How Libya Might Go Wrong: The French Version

  • Share
  • Read Later
Lionel Bonaventure / Reuters

France's President Nicolas Sarkozy delivers a speech in Paris after international talks on Libya.

How might the Libya mission go badly? Every country involved in the coalition has its own military and domestic political calculations. But a general sense of what factors are in play can be gleaned from the predicament of French President Nicolas Sarkozy, the Western leader who first came out hard for the intervention against Muammar Gaddafi.

In the eyes of the French public, Sarkozy is looking fairly good at the moment. The deeply unpopular President has experienced a small boost of approval at home and abroad because of his role in rallying risk-averse allies into staging air intervention to prevent what could have been a massacre of opponents and civilians at the hands of advancing Gaddafi troops. Sarkozy's hawkishness on Libya "is winning him applause in France today due to the universal hostility toward Gaddafi," says Karim Emile Bitar, a Middle East specialist for the Institution of International and Strategic Relations in Paris, "but that could prove short-lived for several reasons and come back to haunt him." That's because the French public could quickly develop mission fatigue, especially with Paris already imposing an array of austerities to reduce the domestic budget deficit. The moral imperative to help the Libyan rebels may bog down if the French people figure the money involved is better spent at home.

The nature of the conflict is more than likely to prolong the intervention or make its open-endedness frustratingly clear. Says Bitar: "Gaddafi has managed to group a large number of his forces within big cities, meaning air strikes to eliminate them aren't going to work unless you're willing to kill far greater numbers of the surrounding civilian population. This is why the air strategy was risky from the start ... By consequence, fears are high that after a certain point, this could go on and on and wear Western opinion down."

Then there is the potential quagmire in the tangle of countries associated with the alliance against Gaddafi. Already, in Europe, there is disagreement between prointervention countries and nations like Germany and Italy on both the military operation and how to deal with Gaddafi. The French and British issued contradictory statements on the ultimate overseer of the operation. Paris indicated that a contact group of nations would essentially run the Libya mission; London stressed that the NATO command structure would ultimately make the strategic and military decisions.
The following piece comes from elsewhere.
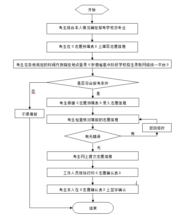 报考五年制高职学校考生使用指南和五年制高职考生志愿填报说明已公布在省中招统一平台上,请考生认真查看。五年制高职志愿填报及确认操作流程见下图:

There is not just French and Western public opinion to worry about. "If the military operation goes on for very long," says Bitar, "Arab public opinion will begin rapidly [to compare] it to Iraq and start viewing it as another kind of invasion of an Arab country, rather than an attempt to let Libyans determine their fate in a fair fight. And that's not even considering the possibility of large numbers of Libyan civilians' being killed as collateral damage in strikes, or if they get caught between opposing forces in what becomes an open-ended civil war. There, too, Arab public opinion will turn hostile to the intervention and blame it for the unending violence and death."

Bitar warns of unintended consequences. "Up till now, uprisings in Arab countries have largely been spontaneous, national affairs that have ebbed and flowed, succeeded or failed without outside intervention, and as struggles between popular desire and resistance from regimes." However, he says, "should Libya become primarily associated with outside intervention and the death and destruction that produces, it could have a real quashing effect on the aspirations and ambitions that have been driving the Arab Spring up till now. And that — combined with continued unrest and chaos in Libya — could also have a very real impact on the search for new systems of government in Tunisia and Egypt. We could very well see some of the old-guard elements in those countries looking over at Libya and deciding, 'O.K., let's stop playing around and impose our will here. Look what the will of the people gets you.'"

And things could still go wrong even if the rebels prevail. "Who are the figures leading the opposition?" Bitar asks. "They're almost all veterans of the Gaddafi regime who defected once the wind had turned and are now trying urgently to make sure they didn't back the wrong horse. They may all turn out to be valuable partners and committed democrats who want to bring prosperity and human rights to Libya once Gaddafi is gone. Or they may turn out to be other kinds of people — we won't know for a while. But there's a risk there too, and one Sarkozy will have to live with."

Sarkozy won a fair measure of praise for being the first leader to recognize the Libyan opposition as the legitimate leadership of the country — but even that may come back to haunt him if things go wrong. Sarkozy's decision was taken almost on the spur of the moment, and under the spectacular browbeating of mediagenic philosopher Bernard-Henri Lévy, who decided to make a crusade to protect the Libyan opposition a reprise of his 1990s campaign as the savior of the Bosnians during the Balkan war. Sarkozy reportedly did so without even consulting newly named Foreign Affairs Minister Alain Juppé (who was said to have been both hostile to the move and aghast that a media star had taken his role as France's top diplomat). "There may be heavy consequences," says Bitar, "when a President makes decisions based on input by celebrities."